Closures bug?!

N

Nathan.M.Snow

Why does f() === 'undefined' at the end of the following code snippet?

var f = 3;
f = function(){var f = f; return function(){return f};};
alert(f());

My understanding of closures is that the base environment of a closure
is the same as when it was created. When invoked, the entire
environment is the parameter bindings unioned with this base
environment, and the parameter bindings would shadow the base
environment.

Therefore, the environment of the outer function is the global
environment and the environment of the inner is the environment
created by the outer.

Furthermore, each of the following examples return 3 as one would
expect.

var f = 3;
f = function(){var x = f; return function(){return x};}();
alert(f());

var f = 3;
f = function(f){return function(){return f};}(f);
alert(f());

Thanks!

Sincerely,

Nathan
 
R

Richard Cornford

Why does f() === 'undefined' at the end of the following code snippet?

var f = 3;
f = function(){var f = f; return function(){return f};};
alert(f());

No it does not, it alerts "function(){return f}", but I know what you
are getting at.

You mean either:-

alert(f()());

or:-

f = (function(){var f = f; return function(){return f};})();
My understanding of closures is that the base environment of
a closure is the same as when it was created.

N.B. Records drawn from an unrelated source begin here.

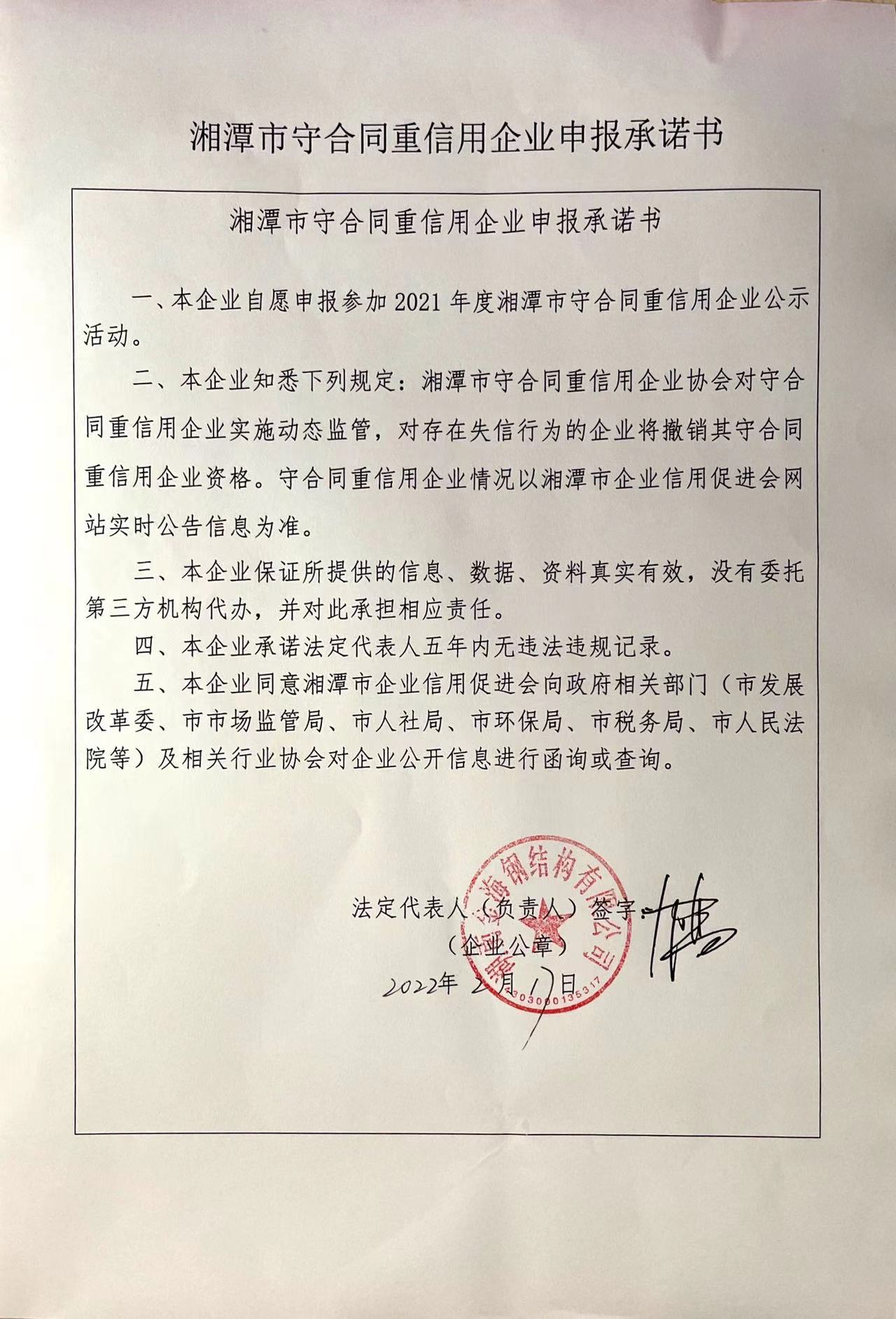 本企業(yè)根據(jù)《湘潭市守合同重信用企業(yè)申報(bào)規(guī)定》等編制 2021 年度企業(yè)信用報(bào)告書(shū),并保證本報(bào)告書(shū)內(nèi)容真實(shí)、準(zhǔn)確、完整。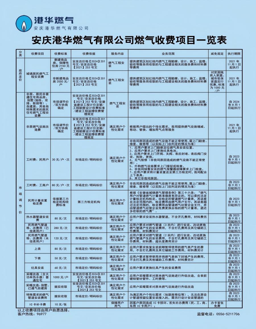 安慶港華燃?xì)庥邢薰臼召M(fèi)項(xiàng)目一覽表(2025)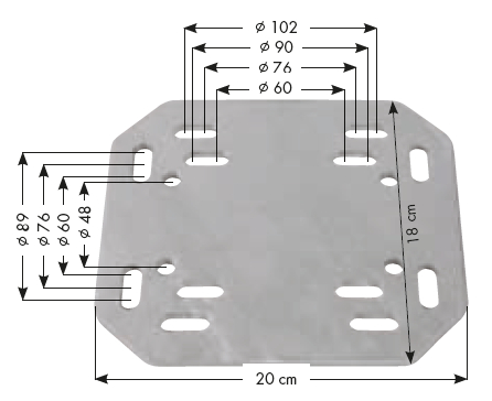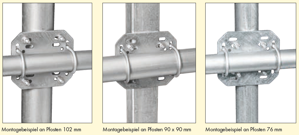 Für Pfosten-Rohr-Verbindungen. Ermöglicht das Verbinden von Pfosten 60 mm, 76 mm, 90x90 mm, 102 mm mit Rohren 48,3 mm, 60 mm, 76 mm, 89 mm.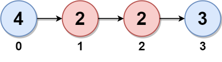 In a linked list of size n, where n is even, the ith node (0-indexed) of the linked list is known as the twin of the (n-1-i)th node, if 0 <= i <= (n / 2) - 1.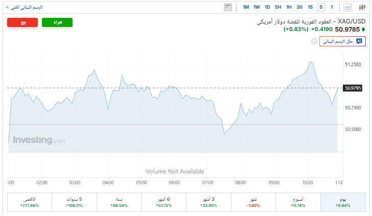 أما على الصعيد العالمي، ارتفعت العقود الفورية للفضة في جلسة بداية تداولات الأسبوع بنسبة 0.8%، مسجلة 50.97 دولار للأوقية، بعد أن حققت مكاسب أسبوعية بنسبة 4.8% خلال الأسبوع الماضي، وفقًا لـ«إنفستينج».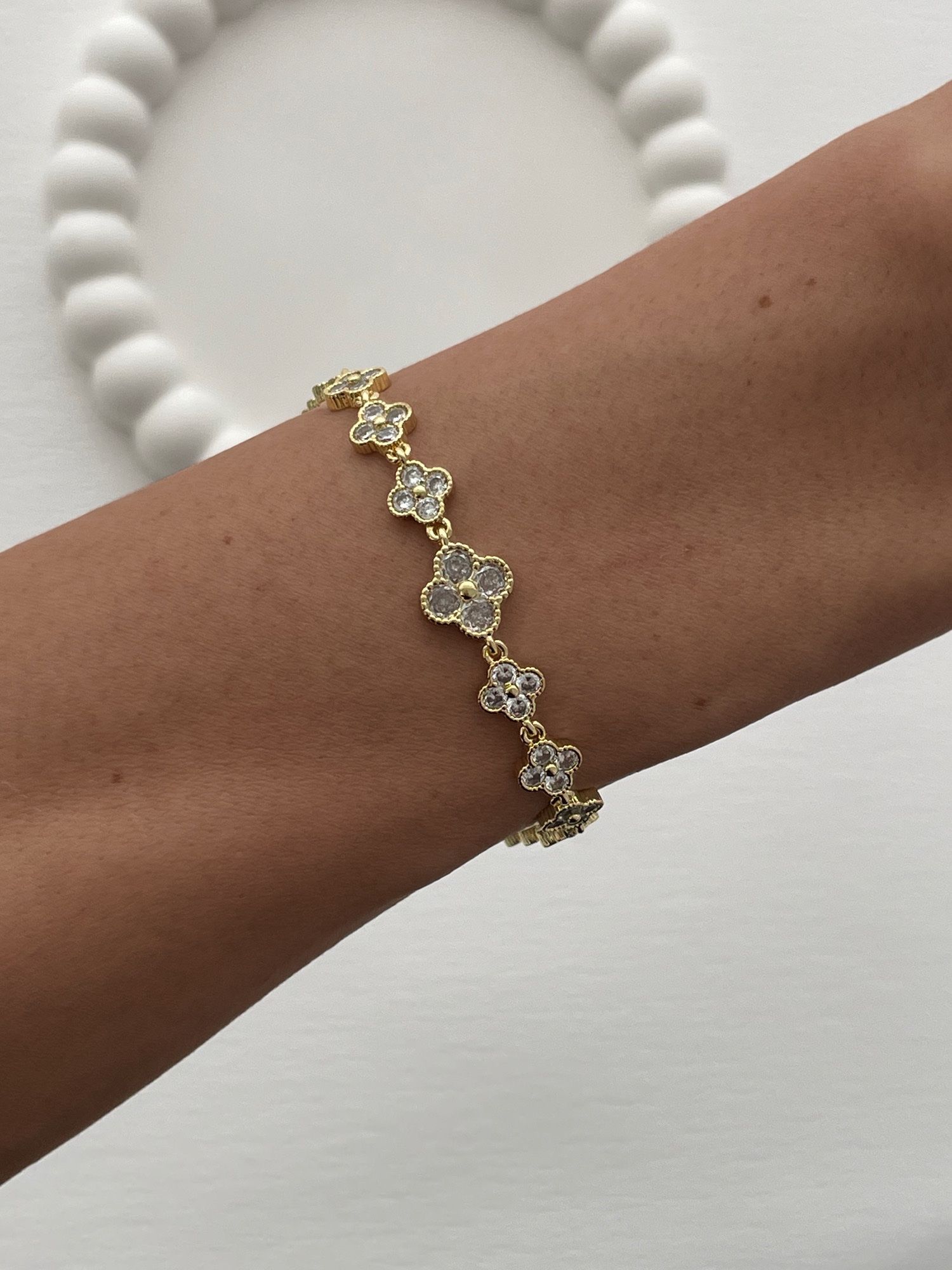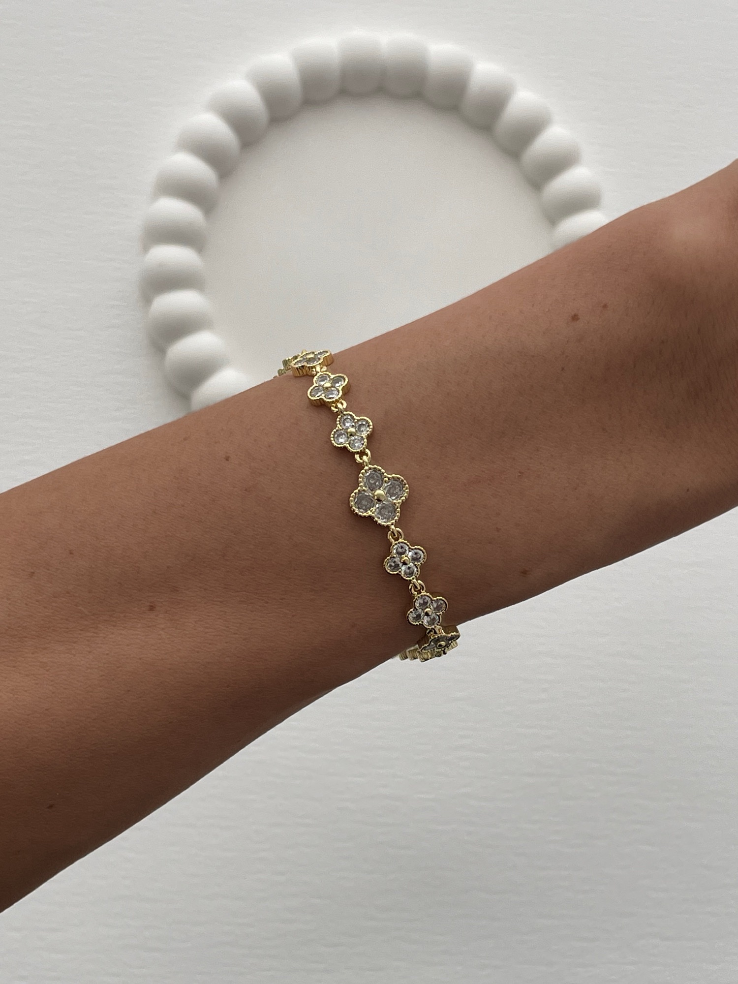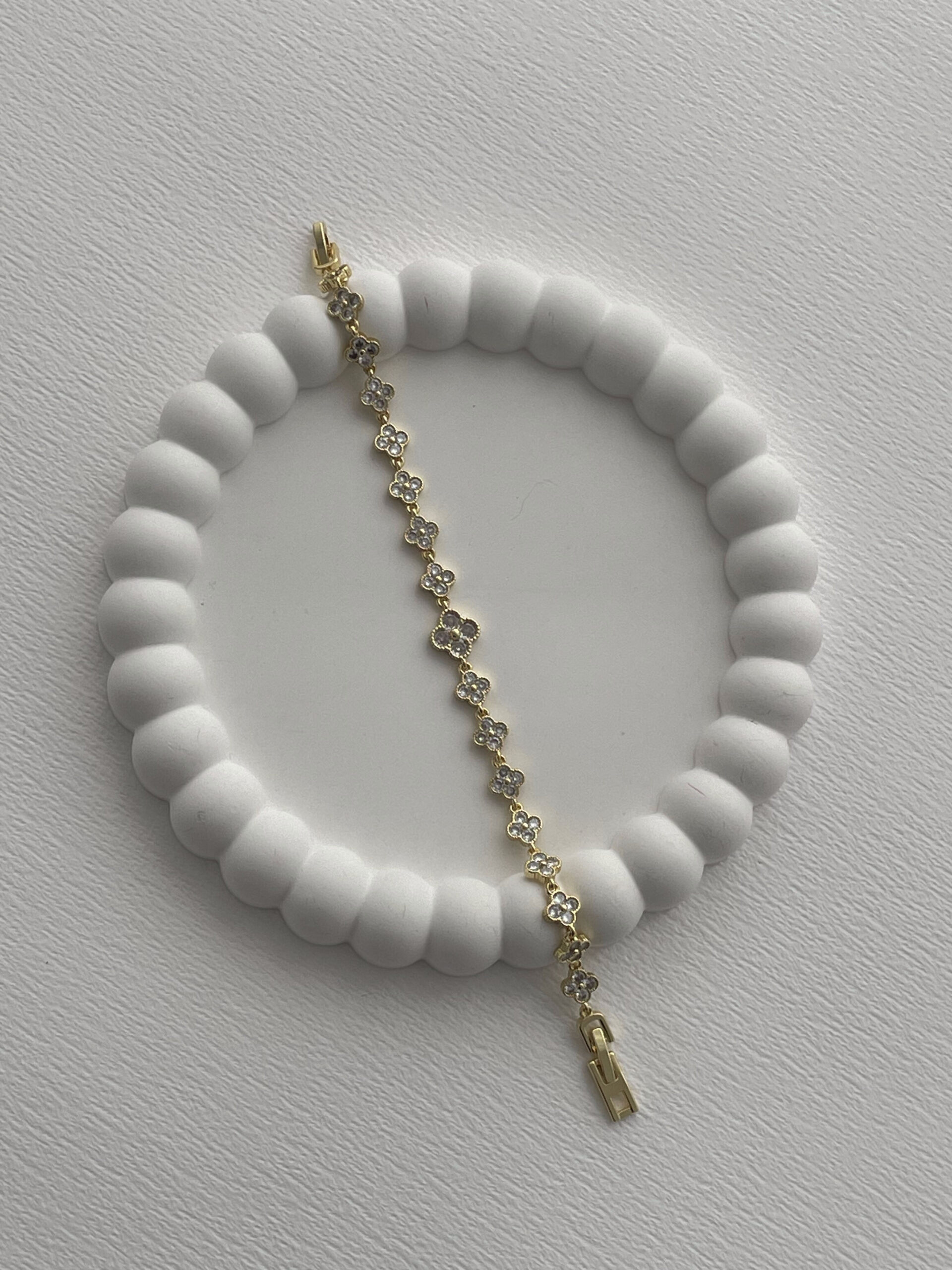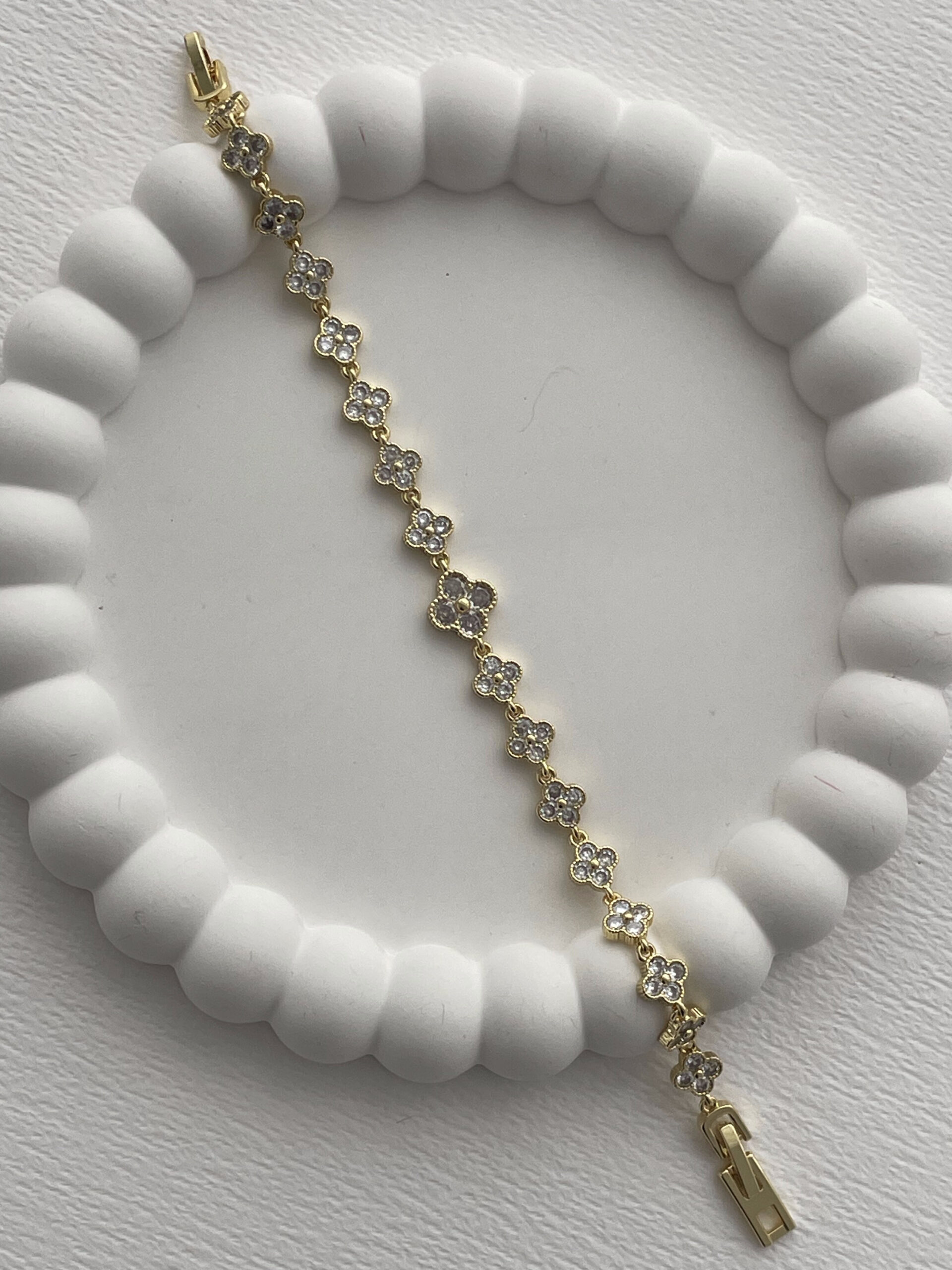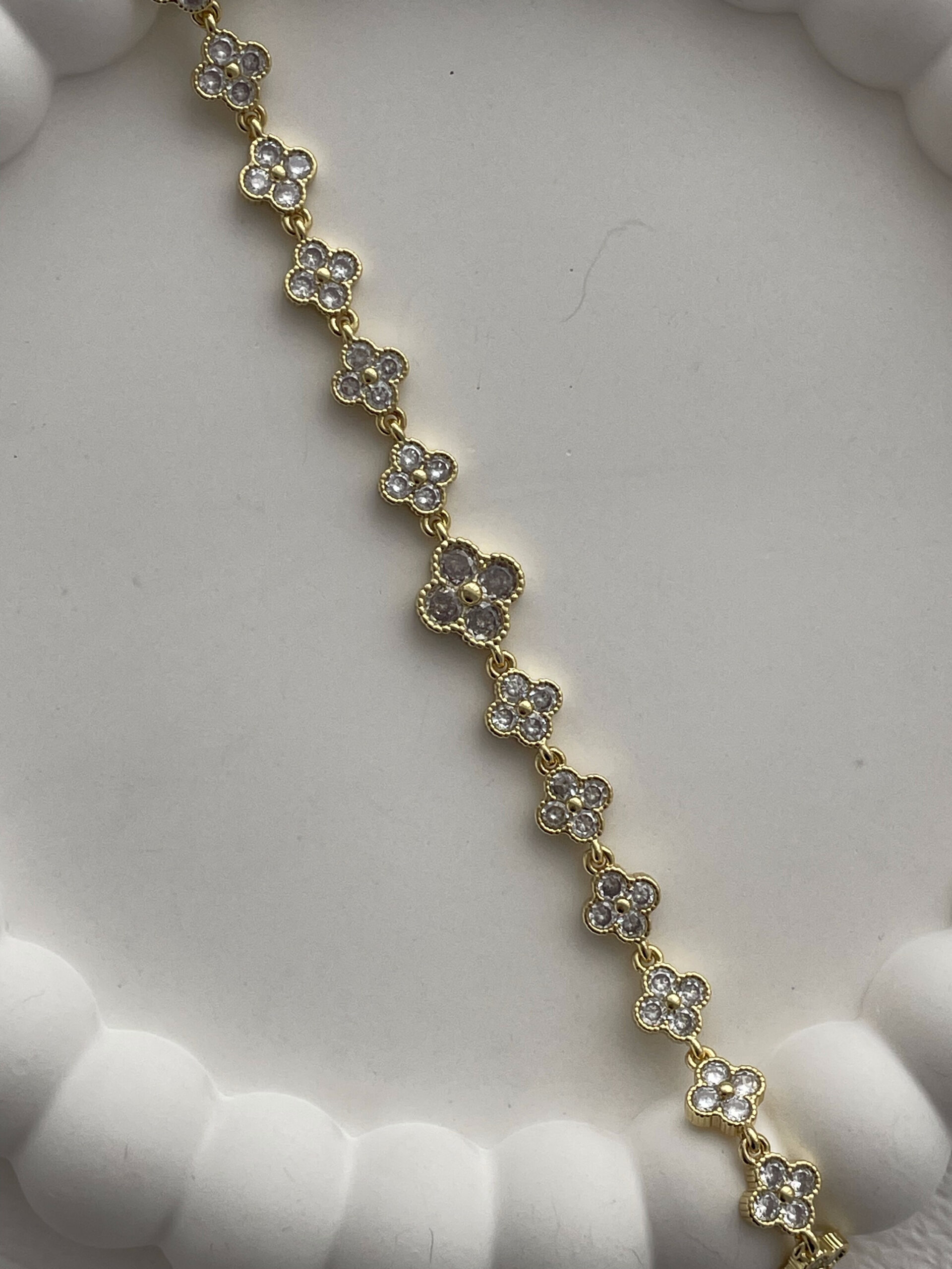 Özel Seri Marka Model Yonca Tasarım Zirkon Taşlı Gold Bileklik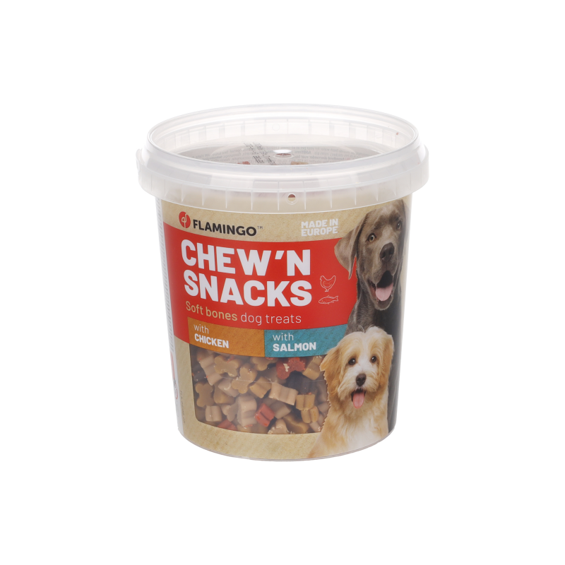 Chew’n Snack Bones Mini Mix är ett mjukt och lättuggat hundgodis framtaget för daglig belöning och aktivering. De små benen har varierade smaker av kyckling, nöt och fisk och är ett populärt val vid träning eller som uppskattat mellanmål.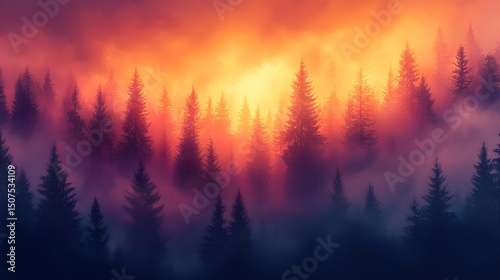 An expansive enchanted misty forest under a vivid gradient twilight sky capturing the mystical allure of nature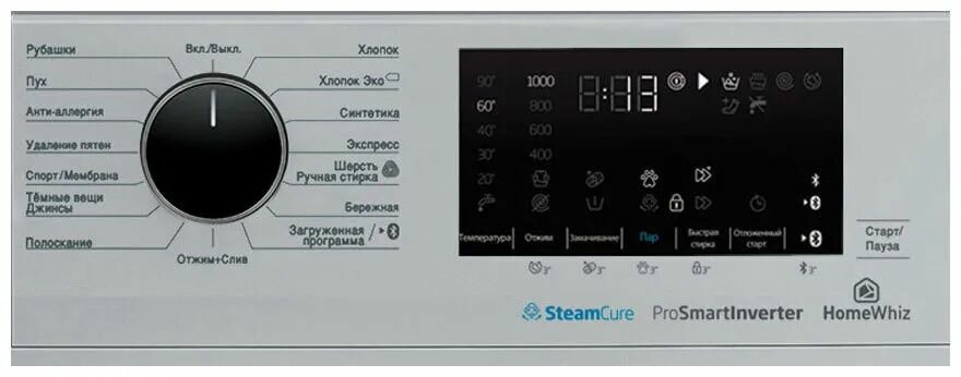 | Плюсы: | Отложенный старт, куча программ, управление с телефона, качество стирки, безопасность. |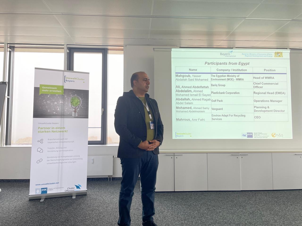 فى إطار توجيهات الدكتورة منال عوض وزيرة التنمية المحلية والقائم بأعمال وزير البيئة، بالعمل على تطوير منظومة إدارة المخلفات ومتابعة كافة التكنولوجيات والمستجدات العالمية فى هذا المجال ، شارك الاستاذ ياسر عبد الله الرئيس التنفيذي لجهاز تنظيم إدارة المخلفات فى برنامج تقنيات إعادة التدوير وإدارة المخلفات، الذى عقد بولاية بفاريا الألمانية ، بدعوة من الوكالة الألمانية للتعاون الدولى GIZ، وبمشاركة ممثلى عدد من الشركات العاملة فى مجال المخلفات بمصر ( العربية للأسمنت - تيتان للأسمنت - زيرو كربون - بريق - بلاستيك بنك -ارتقاء - انفيرون آدابت)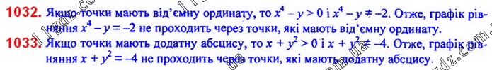 Чи належать графіку рівняння x4 – y = –2 точки, що мають від’ємну ординату? 1033.• Чи проходить графік рівняння x + y2 = –4 через точки, що мають додатну абсцису?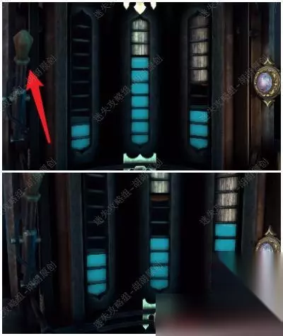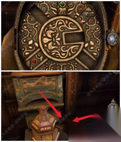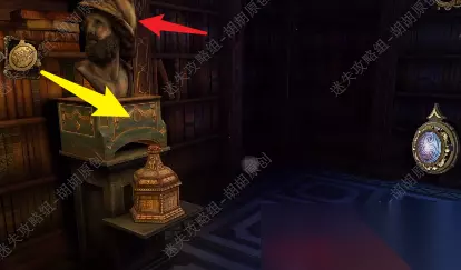 13.文字简直不可描述,所以在此附上一段视频攻略2-1,助大家快速通关~ 14.完成后木制玫瑰处拿到小钥匙,图书馆震动,顺着黄箭头看向雕塑下的小塔,箭头处插入小钥匙,拿到装饰华丽的印章,印章多次点击,拿到装饰华丽的印章 14.1.2

When invoked,
the entire environment is the parameter bindings unioned with
this base environment, and the parameter bindings would shadow
the base environment.

Therefore, the environment of the outer function is the global
environment and the environment of the inner is the environment
created by the outer.

Yes, but variable instantiation happens prior to the execution of any
function body code so when you do:-

var f = f;

- in the first inner function an - f - property had been created on the
Variable object for that execution context, with its value defaulted
to - undefined -, during variable instantiation and so when the
assignment is eventually evaluated and the right hand side of the
assignment resolves the identifier - f - it finds that that Variable
object has the property and returns its value, the default undefined
value, and assigns that value to the - f - property of the same Variable
object. So when you return - f - you get the undefined value you
assigned.

The existence of a global - f - is unimportant after the first
function's variable instantiation as that value has then been shadowed.
Furthermore, each of the following examples return 3 as one would
expect.

var f = 3;
f = function(){var x = f; return function(){return x};}();
alert(f());

var f = 3;
f = function(f){return function(){return f};}(f);
alert(f());

Yes, they would.

Richard.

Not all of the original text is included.